= RAW DATA =
"""
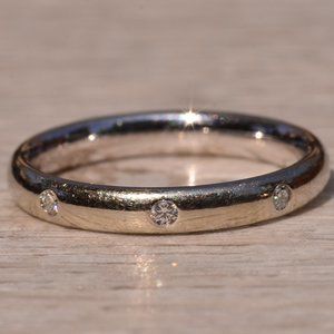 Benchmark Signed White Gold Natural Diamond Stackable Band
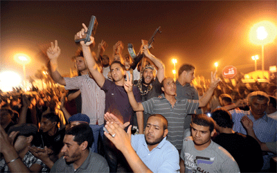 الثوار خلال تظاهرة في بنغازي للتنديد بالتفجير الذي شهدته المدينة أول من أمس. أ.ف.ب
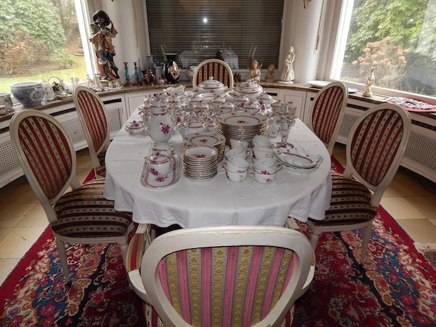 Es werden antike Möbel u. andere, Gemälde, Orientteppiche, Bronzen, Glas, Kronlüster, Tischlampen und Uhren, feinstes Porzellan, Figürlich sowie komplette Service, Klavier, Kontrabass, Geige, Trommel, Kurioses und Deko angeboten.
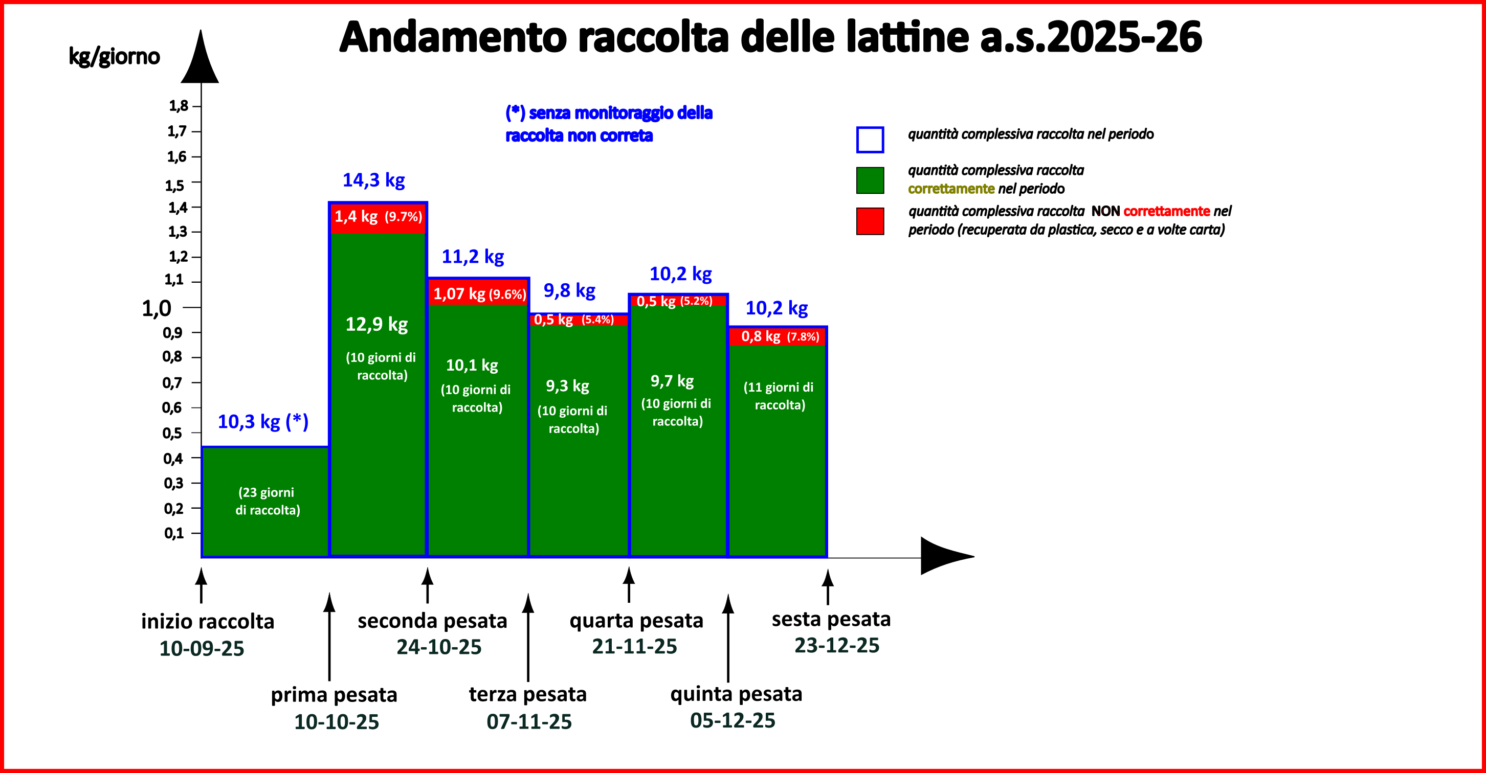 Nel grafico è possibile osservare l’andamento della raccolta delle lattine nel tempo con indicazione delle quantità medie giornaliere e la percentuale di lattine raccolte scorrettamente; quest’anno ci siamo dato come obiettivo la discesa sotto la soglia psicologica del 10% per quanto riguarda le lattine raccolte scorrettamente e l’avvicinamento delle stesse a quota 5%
"""
Pictures excluded, repeat the material above from its first line through the line containing "Es werden antike", both included.

 Benchmark Signed White Gold Natural Diamond Stackable Band
 الثوار خلال تظاهرة في بنغازي للتنديد بالتفجير الذي شهدته المدينة أول من أمس. أ.ف.ب
 Es werden antike Möbel u. andere, Gemälde, Orientteppiche, Bronzen, Glas, Kronlüster, Tischlampen und Uhren, feinstes Porzellan, Figürlich sowie komplette Service, Klavier, Kontrabass, Geige, Trommel, Kurioses und Deko angeboten.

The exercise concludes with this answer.